Modern Diplomacy has published an article explaining how the Eastern Mediterranean region has become a flashpoint for geopolitical conflicts, struggles for regional hegemony and control of economic resources and competition for soft religious power, as well as interference in the politics of others.

The author of the article James Dorsey says that the complexities of conflicts and conflicting interests expand the scope of focus on what is outside Russia when it comes to interference in the elections, to include Turkey, the UAE and Saudi Arabia, and it blurs the lines between multiple conflicts such as the wars in Syria and Libya and the struggle for control over Gas sites discovered in the eastern Mediterranean.

The article notes that the waters of the eastern Mediterranean have become the latest place in which Russia and the West compete for influence, after the discovery of gas reserves amounting to 122 trillion cubic feet.

Perhaps the most important is the extent to which Europe will be able in the future to reduce its dependence on Russian gas, as Moscow currently meets about 40% of the European Union's gas needs.

The writer says that the ability to reduce gas imports from Russia, thanks to Eastern Mediterranean gas, will enable Europe to take a more powerful position in the conflict between Western liberalism and Russian civilization, which is likely to form the world order.
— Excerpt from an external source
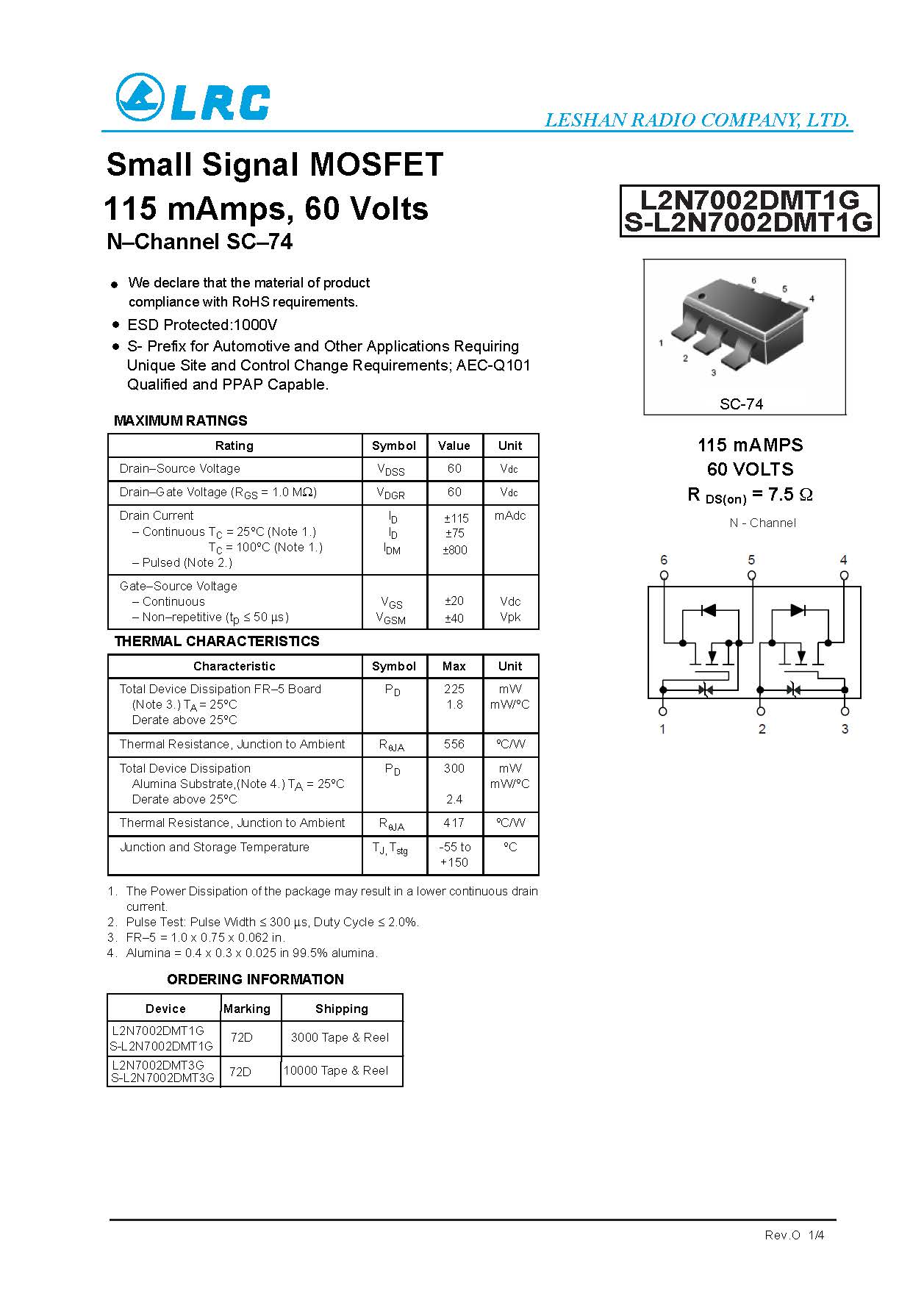 L2N7002DMT1G SC-74 Dual-N-Channel(with ESD) 60V LRC MOS管

The dependence on Russian gas has pushed European countries to reduce their defenses of Western values ​​in exchange for the policies of Russian President Vladimir Putin, which include seizing lands in the Caucasus and Ukraine, intimidating Central Asian countries, supporting the extremist right, anti-immigration and neo-Nazis, and strengthening groups most sympathetic to the worldview of the Russian leader. .

The writer quotes Dimitri Trenin, head of the Carnegie Moscow Center, as saying that "the bad news is that the confrontation between Washington and Moscow will continue, and the good news is that there will be a fence built around it."

Trenin believes that the eastern Mediterranean will be the region of tension, not the Crimea, the Baltic, the Arctic, or southeastern Europe.

Dorsey explains that if the conflict for countries such as Greece, Cyprus and Lebanon is an economic affair centered on the resources of the eastern Mediterranean, then the priority for other countries such as Egypt and Israel is to extend influence, as well as Russia and Turkey.

Turkey, the writer continues, raised the risks with its military support for the Libyan Government of National Accord against the retired Major General Khalifa Haftar, who is supported by the UAE, Saudi Arabia, Egypt and Russia.

In addition, the agreement concluded by Ankara with Tripoli, which led to the establishment of an economic zone in the eastern Mediterranean, linked the war in Syria to the conflict in the eastern Mediterranean and Libya, especially with building relationships between Haftar and the regime of Syrian President Bashar al-Assad.

And the economic zone created by the agreement would block the route of the pipeline to be transported Israeli gas to Europe.

The writer points out that the economic zone, if it is imposed successfully, along with Turkey's military performance in Syria, will be an indication for regional countries aspiring to hegemony, such as Saudi Arabia and the UAE, that the funds may not be sufficient to impose the will.